**Exercise requirements:**
Repeat exactly the lines below, from the line containing "30 牛肉コロッケ 根菜煮 図書館記念日 288kcal" through the last line, both included. Leave out any pictures.

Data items
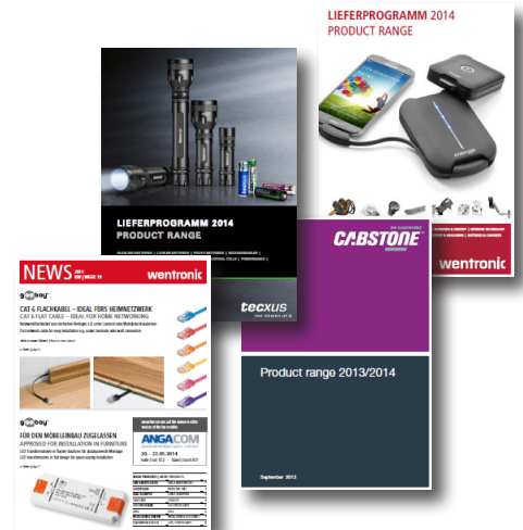
Produktinformationen für Markenkataloge werden ausschließlich im Perfon PIM-System gepflegt

Als Händler und Hersteller produziert Wentronic für seine Eigenmarken diverse Handelsmedien. Diese Print- und Digitalmedien werden seit 2015 vom Perfon PIM-System mit Daten "gefüttert":
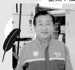
企業や法人のご賛同による法人募金

株式会社 遠市 様(相川地区) 「赤い羽根共同募金に協力すると、あったかい気持ちになれるんです。」 と話す社長さんは、地域の皆さんが笑顔になることを願って長年多額のご寄付を続けてくださっています。
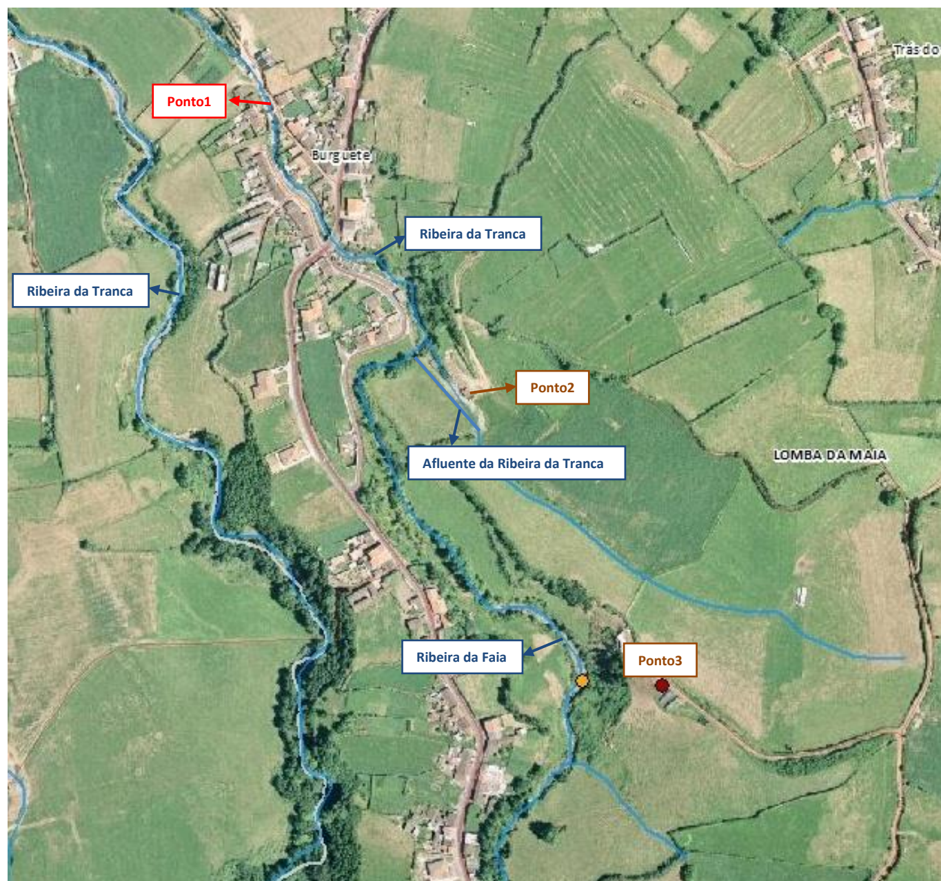
Figura 7: Localização dos locais verificados da Ribeira da Tranca (Ponto 1), exploração pecuária imediatamente a montante das Travessas do Burguete (Ponto 2), exploração pecuária mais a montante (PCO-2020-0226) – Ponto 3 e identificação das linhas de água. Adaptado do SIGAM.

Natureza dos SASM, em 23/05/2019, devido a escorrências de efluentes pecuários para a linha de água (Ribeira da Faia).
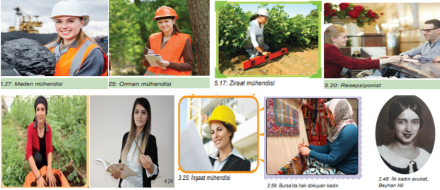
Şekil 12. Türkiye'de Kadının Çalışma Hayatındaki Temsili

Şekil 12 incelendiğinde Türkiye'de inşaat, maden, ziraat, orman mühendisi, avukat, eğitimci, resepsiyonist, tekstil sektöründe çalışan kadınlara ilişkin görsellere yer verilmiştir.
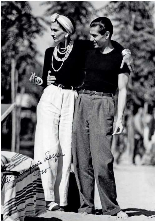
ill. 4 Gabrielle Chanel et Serge Lifar, le Lido, Venise, 1937, dédiée par Chanel à Lifar.
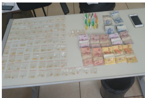
Crack e cocaína que estavam no interior da pochete apreendida com a menor na praça do Patrimônio.

Ao avistar a viatura duas mulheres que estavam na praça do Patrimônio na tarde do dia 10, atravessaram a rua em direção a um estabelecimento comercial sendo abordadas pela PM. A estudante, de 17 anos, portava um pochete com 20 cápsulas de cocaína (44,86g), 105 pedras de crack (42,91g) e uma nota de R$ 10,00. Ela alegou que a quantia de R$ 103,00 que estava no bolso da calça é fruto da venda de drogas com a comparsa, de 24 anos, que negou a participação. As duas foram apresentadas na delegacia, onde a autora maior de idade foi autuada por tráfico e corrupção de menores, sendo encaminhada a cadeia feminina de Bebedouro. O depoimento da menor foi acompanhado por sua genitora.
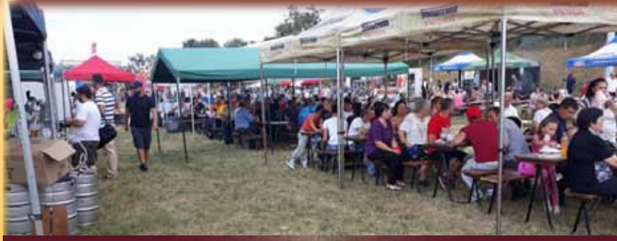
Gazde și goști, cinstindu-se la ceas de sărbătoare
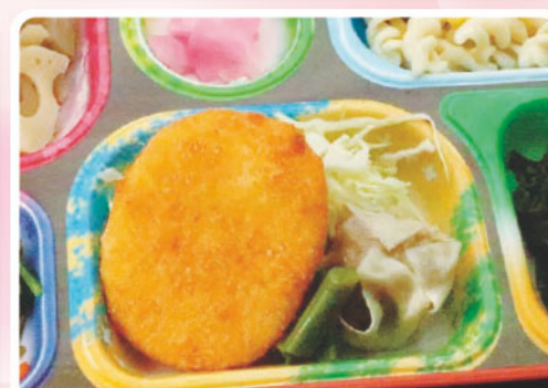
30 牛肉コロッケ 根菜煮 図書館記念日 288kcal
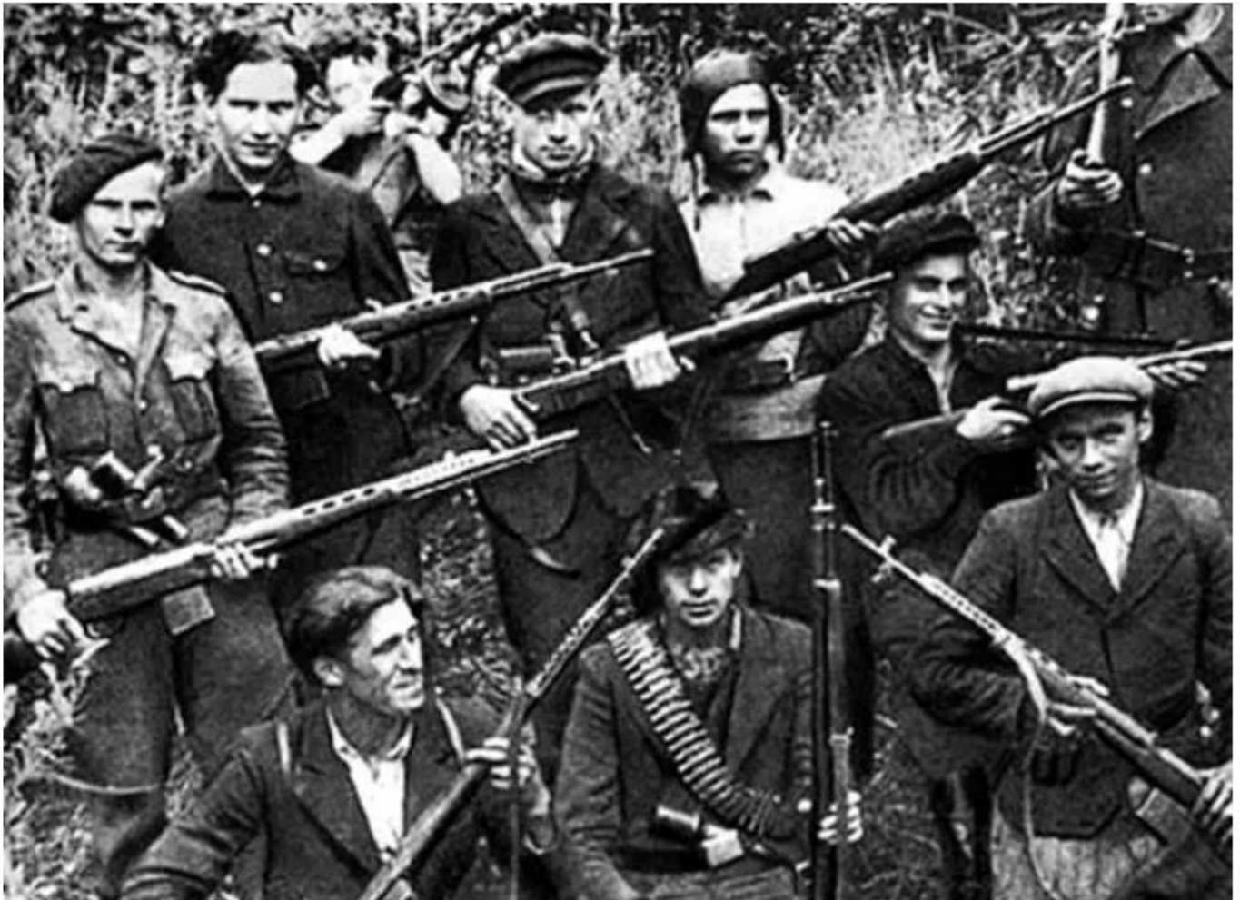
Ukrainische Aufständische Armee.

**Output below:**
30 牛肉コロッケ 根菜煮 図書館記念日 288kcal
Ukrainische Aufständische Armee.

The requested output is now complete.